Because they are both grieving, even if they hated Abilene. No life leaves this world without a ripple, simply erases itself without a trace. Even if Abilene only left behind scars and smoke, those scars have to be tended to before anyone can move on. Especially Embry, with his little boy. Especially Greer, who used to count Abilene as her closest friend.
I lean my head back in my seat and close my eyes for a moment, imagining the two of them together. Remembering the strange new memories Merlin gave to me. In that other life, it was my favorite thing too, to watch them together. To watch Embry tease laughter out of Greer’s mouth, to watch her arguing with him about court politics and crop yields. In that other life, my heart had squeezed just as it does now, with the greatest happiness possible and the greatest jealousy. Because for the two of them I felt an almost God-like love: just that they were alive, just that they existed, was enough to thrill me with measureless joy. That on top of that, they were also happy and in love with each other gave me peace, and because I loved them like I loved nothing and no one else, their happiness was a greater prize than my own.
But like God, I was also jealous of their love, possessive of their hearts. God, I believe is jealous of his people in the purest way, but me—well, then and now, I was jealous because I was afraid. A king, a warrior, a strong man, secretly undone by the fear that those closest to him didn’t love him.
In that other life, I had figured jealousy as the price of the extraordinary love I felt. Who could love as a three, even for years and years, and not still feel the occasional pang of neglect or shame? That didn’t mean I was willing to lose a single moment of their love or loving them, but in this other life, it had meant that I hadn’t thought enough of the future. I hadn’t taken care of the people I loved because it hurt too much to think of them going on together without me, being happy without me.
But that is going to change.

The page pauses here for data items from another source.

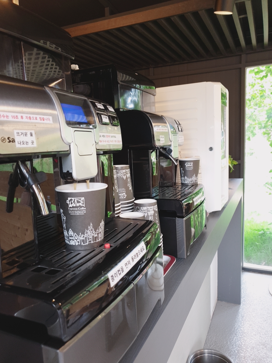 쉼터 안에는 커피 머신이 있어서 셀프로 부담없이 마실 수 있었어요. 에어컨도 시원하게 틀어놓으셔서 앉아있기 쾌적했답니다. 사실 아이스로는 마실 수 없어서 조금 아쉬운 면이 있었는데 앉아있으니 직원 분이 얼음냉장고를 설치하시더라구요~ 아마 곧 아이스로도 마실 수 있을 듯 합니다.
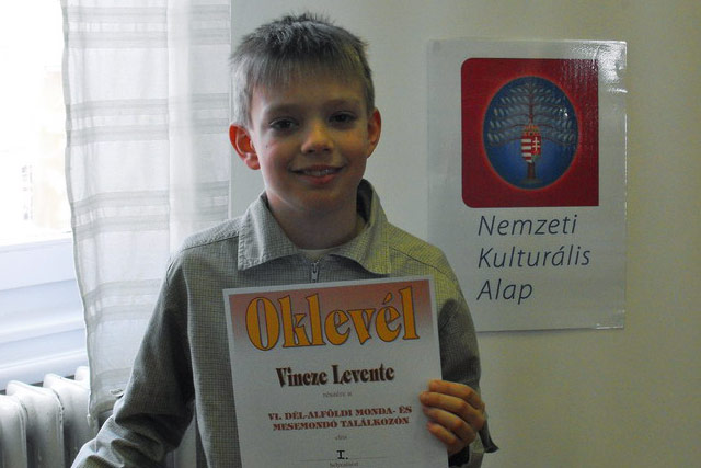 Vincze Levente, a Kis Bálint Általános Iskola és Óvoda 3.b osztályos tanulója 2012. február 23-án a VI. Dél-Alföldi Monda- és Mesemondó Találkozón vett részt.
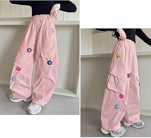 Teen Girls Flower Embroidery Cargo Pants Wide Leg Elastic High Waist Joggers Cute Stylish Trousers for Kids School Pants(Pink,5-6 Years)
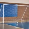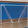 Frame measures 6.5’ high x 12’ wide and 5’ deep. The goal goes up quickly and is easy to reposition and transport. Backstays fold inward and encourages compact storage and portability for indoor soccer.
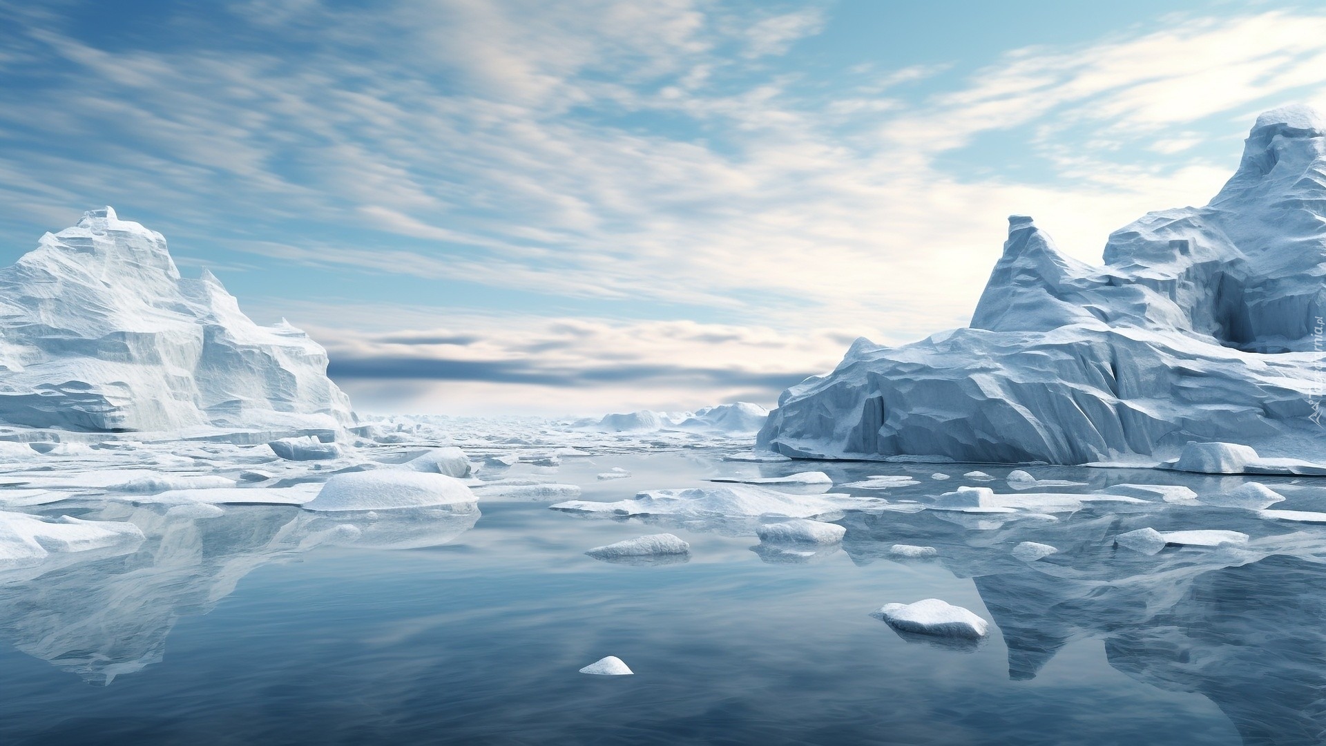 Edytor tapety: Kry i góry lodowe na morzu
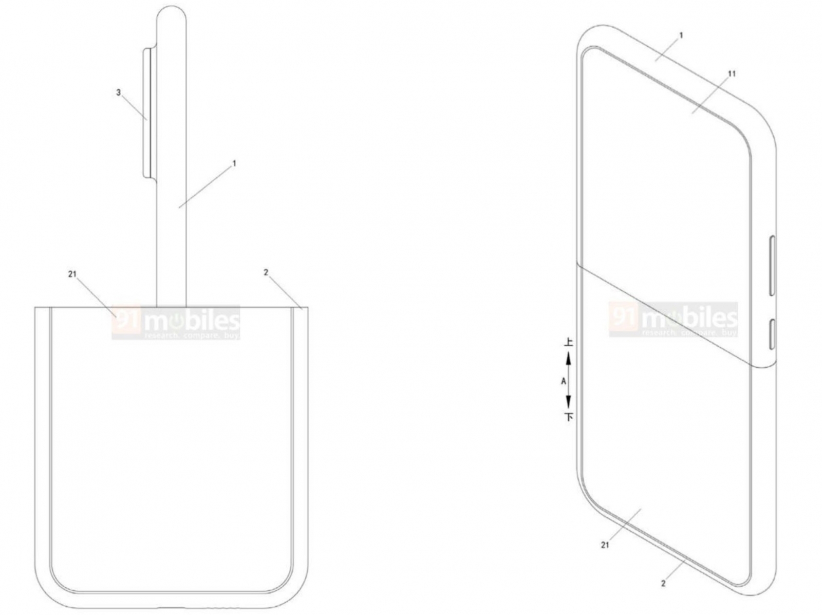 Deocamdată cei de la 91Mobiles au descoperit un brevet de acest tip, la CNIPA (China National Intellectual Property Administration). El aduce cu Xiaomi MIX Flip ca format, doar că jumătatea de sus se poate detaşa. Foloseşte pini metalici, similari cu cei de la tastaturile care se pot ataşa la tablete. În plus, partea de sus, cea care include camerele se poate roti în jurul unei axe, pentru a face poze sau filma.
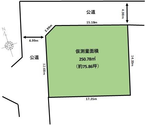 | 接道状況 | 北東 4.9m 公道 接面15.1m北西 4.9m 公道 接面12.6m | ||||
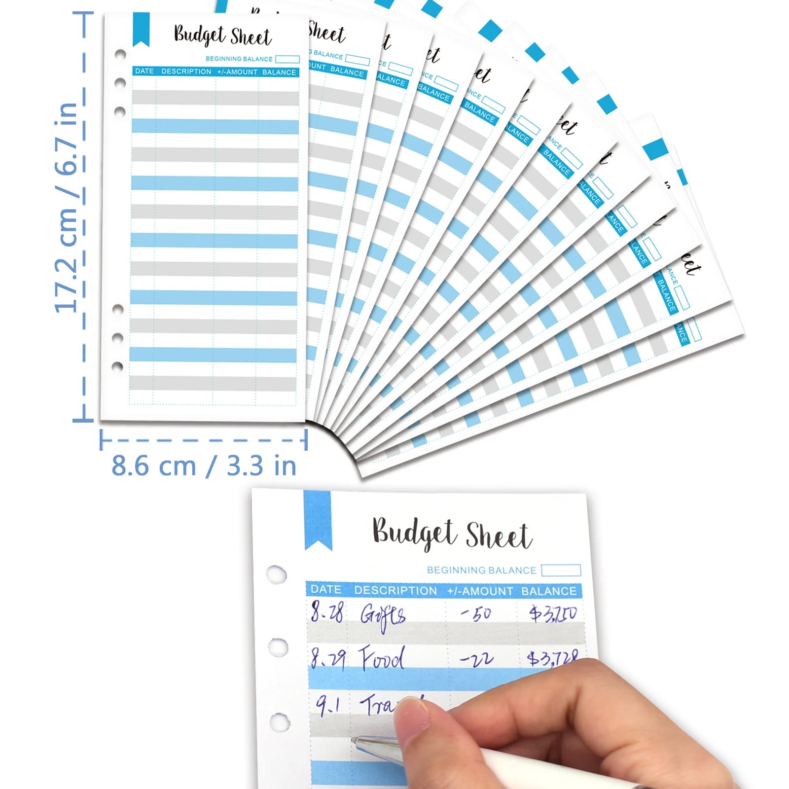 Budget Binder with Zipper Envelopes, Cash Envelopes with Budget Sheets, PVC Pockets, Cash Envelopes, Stickers & Pen
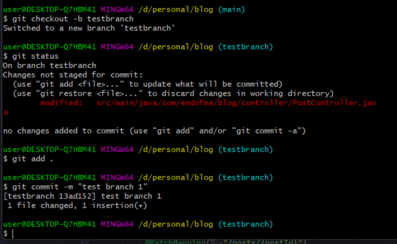 1. testbranch라는 브랜치를 만들었다.
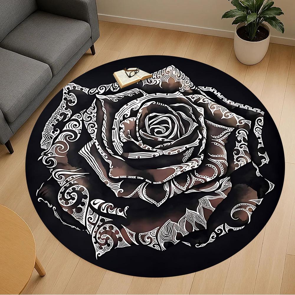 1pc Rose Pattern Round Chair Mat Office Area Rug - Non-Slip, Floor Mat for Office, Bedroom, and Indoor Decor P127118
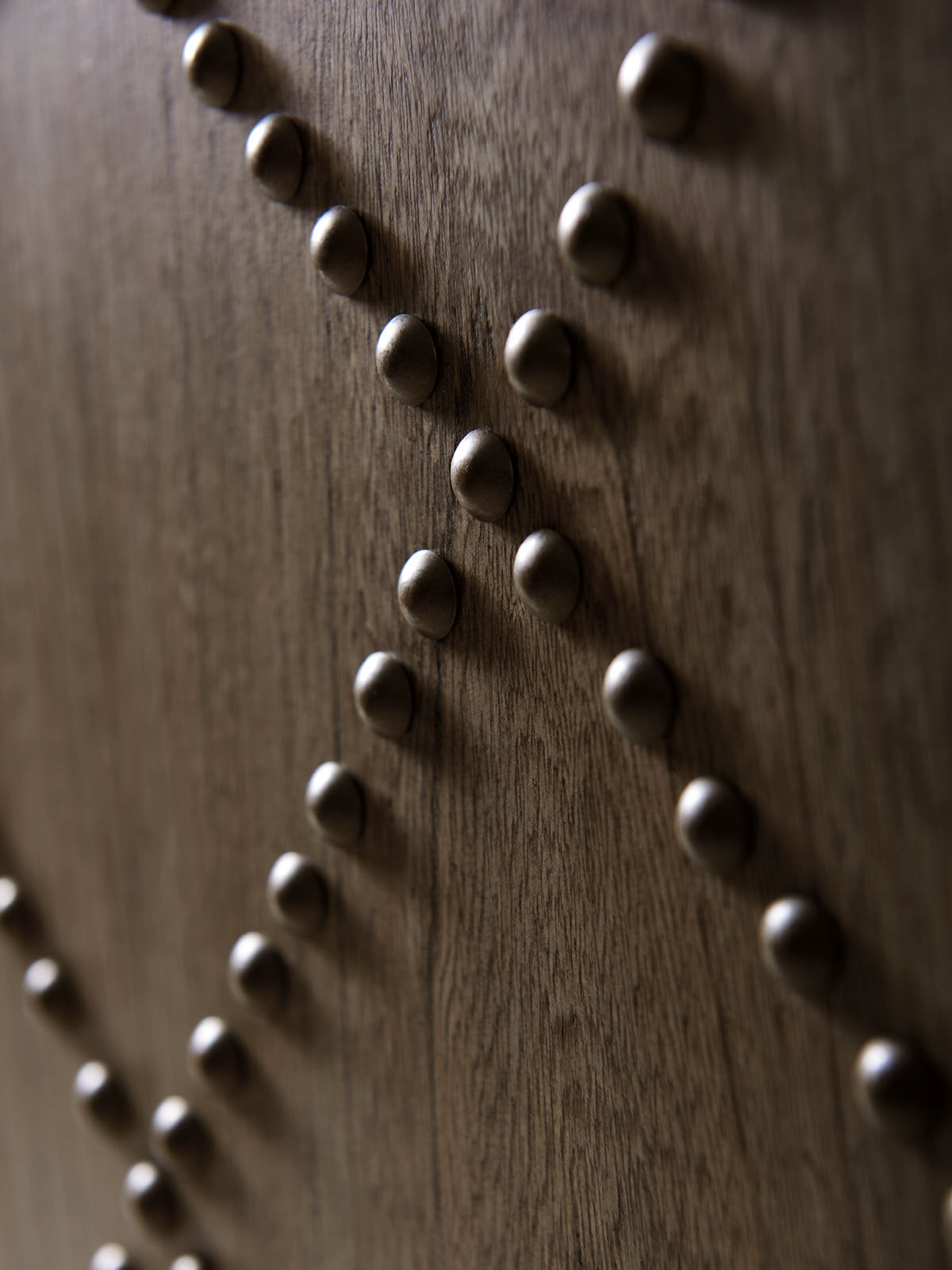 - Features two doors adorned with a diamond-and-cross pattern of decorative antique brass nailhead trim.
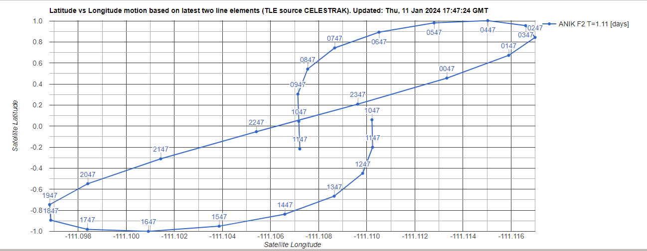 Why that is, I'm not sure, but wonder whether the timing of the East-West thrusters have an effect on it. They definitely aren't using the North-South thrusters at all, as then we would have seen a lessening of the inclined orbit. I will check some of the other inclined orbit satellites I know about and see whether there is a similar anomaly.
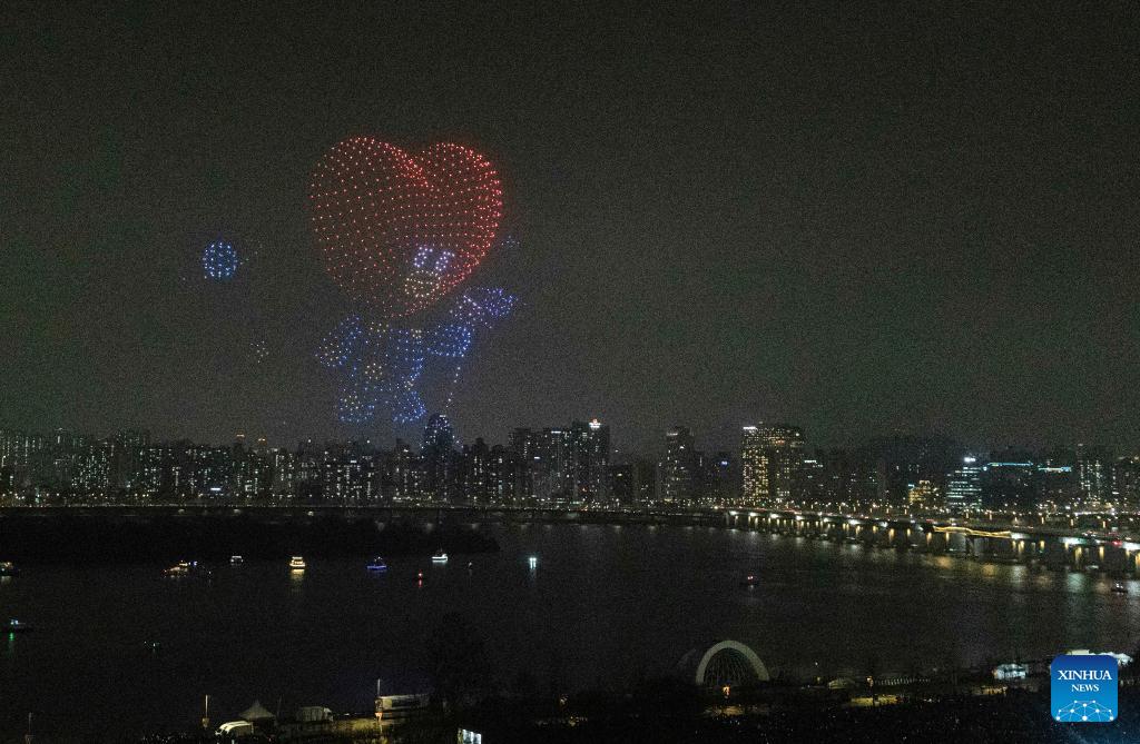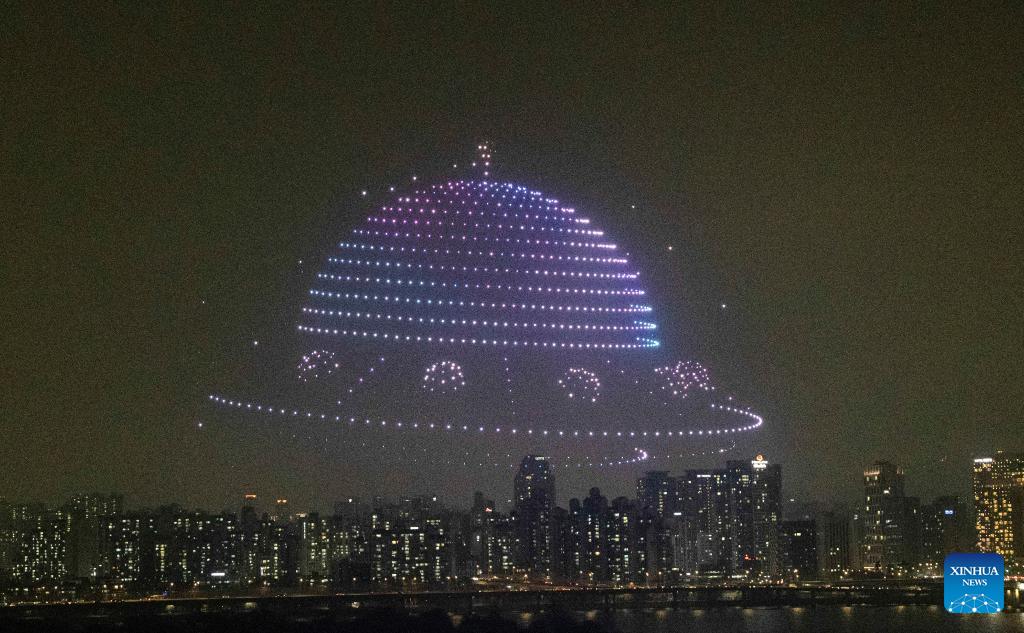A drone light show is staged at Yeouido park in Seoul, South Korea, April 10, 2026. (Photo by Jun Hyosang/Xinhua)
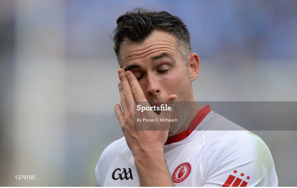 27 August 2017; Cathal McCarron of Tyrone leaves the field dejected after the GAA Football All-Ireland Senior Championship Semi-Final match between Dublin and Tyrone at Croke Park in Dublin. Photo by Piaras Ó Mídheach/Sportsfile
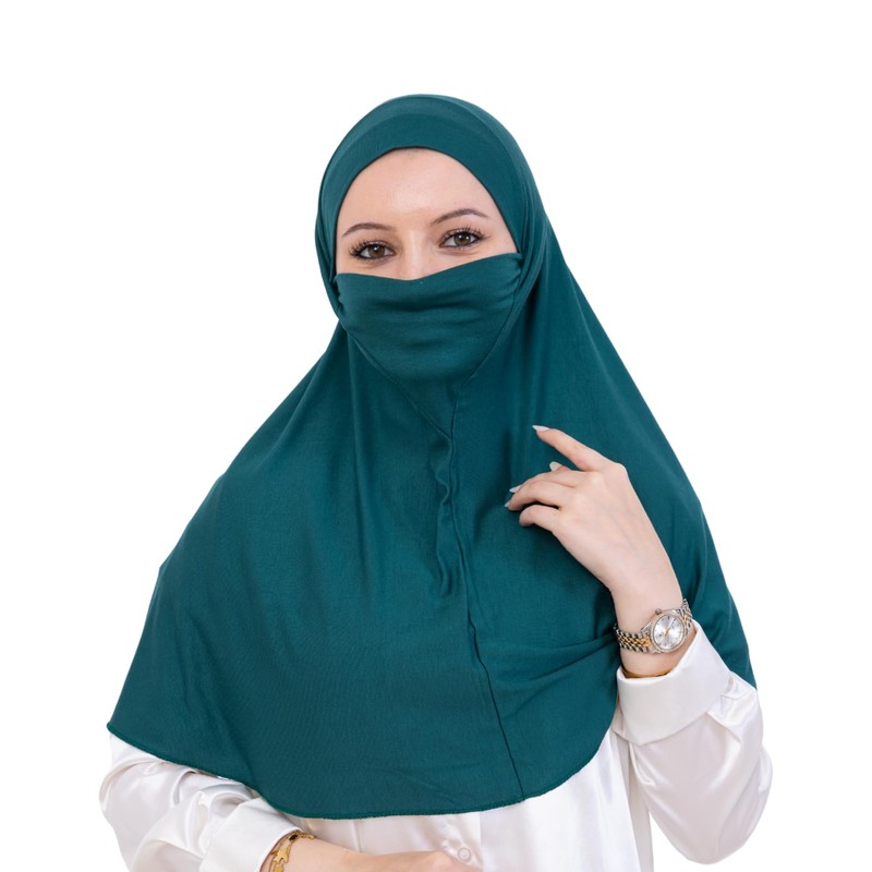 Prien Elegant Headscarf for Women, Muslim Hijab with Niqab, Islamic Scarf Women, Headscarves for Prayer Clothing, Ramadan, Abaya, emerald green
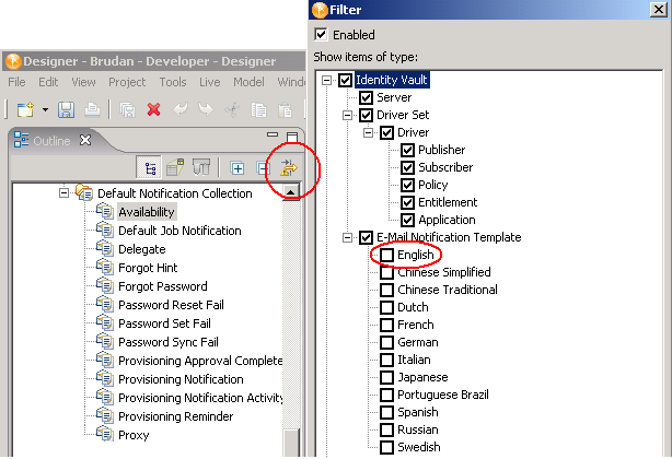 The install program installs all of the notification templates with Designer. However, templates are filtered out of the Outline view based on your workstation’s locale settings. To view and edit the internationalized template files, click the button in the Outline view, then select languages that you want to see. To eliminate the duplicate (_en) set of templates, deselect in the filter.
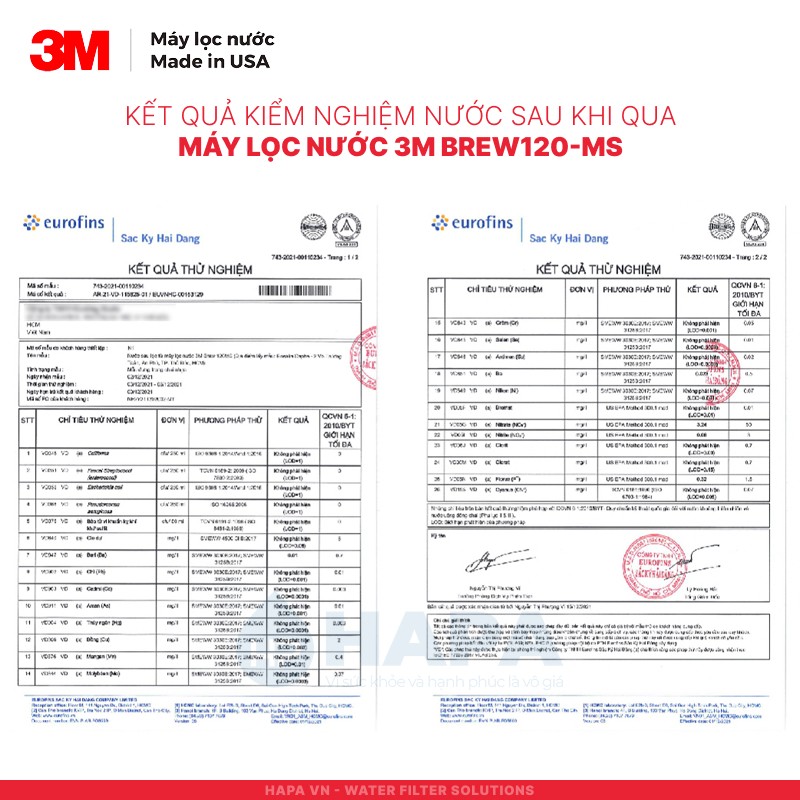 - 3M BREW120-MS đạt các tiêu chuẩn chứng nhận quốc tế NSF, WQA, Viện Pasteur và Chuẩn nước uống đóng chai của Bộ Y Tế.
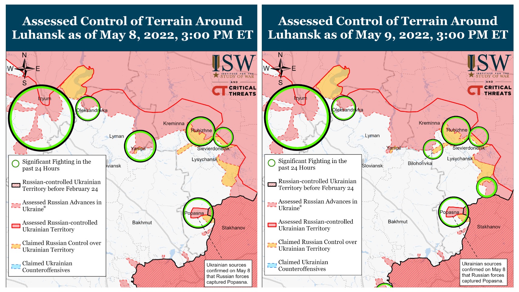 Если сравнить военные карты за 8 и 9 мая, составленные Институтом изучения войны (США), то мы увидим, что между Лиманом и Северодонецком Россия за прошедшие сутки расширила зону контроля в треугольнике Ямполь - Кременная - Белогоровка.
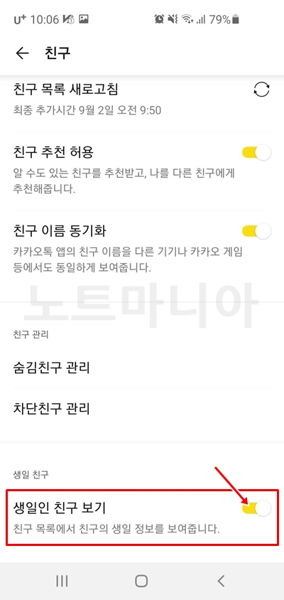 아래의 캡쳐 화면과 같이 나오면 아래쪽으로 내려와서 [생일인 친구 보기]를 OFF로 바꿔주면 카톡 친구 생일 보기가 꺼진다. 그러면 이렇게 친구 목록에 갔을 때, 아까 보이던 생일인 친구 홍목이 사라진다.
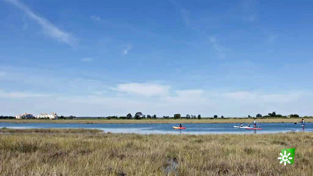 En la zona más occidental de Isla Canela, casi en su frontera con Portugal, están las marismas de San Bruno. Las disfrutamos de otro modo, en kayak o subido en una tabla de paddle surf con la monitora Paula Navarro. En esta singular ruta podemos observar la fauna y flora de este pequeño paraíso de la Costa de la Luz.

This time, in this life, I embrace the jealousy, I embrace the pain, and I let every thorn and burr dig into my skin, and I relish every second of it, because it reminds me that I’m alive and that I can still do the right thing.
And I know what the right thing is for Greer and Embry.
I call Merlin.
“About tomorrow,” I say after he picks up.
“Yes?”
I watch shadows move across the bedroom window on the top floor. “There’s one more thing I need your help with.”
TWO HOURS LATER, Greer steps out of the townhouse with flushed cheeks and messy hair. I open her door, and I can’t help it, the moment she’s inside, I yank her to me and kiss all the sex right off her lips. I lick into her mouth, hungry for her taste, and I run my fingers up her leg to feel that she’s been well-used by Embry.
“God, that turns me on,” she gasps into my mouth. “How you touch where Embry’s been inside me.”
“Mmm,” I say, moving my mouth to her neck to nip at it. “It turns me on too.”
It does, and it does more than turn me on, it makes me love as God loves—unselfishly, eternally. Their pleasure is my own.
“Thank you,” she says. “It was what we needed.” And she lets out a breath that tells me even more than her words, because it’s a breath shaky with hormones and grief. They cried and they fucked. I feel like a doctor who’s watching a compliant patient heal, thanks to his advice.
“He’s ready for you,” she adds.
I give her throat a final kiss and remove my fingers from her cunt, sliding them in her mouth for her to clean. “Will you go home to wait for me or stay here?”
“I’ll go home, I think. But you will be back tonight?”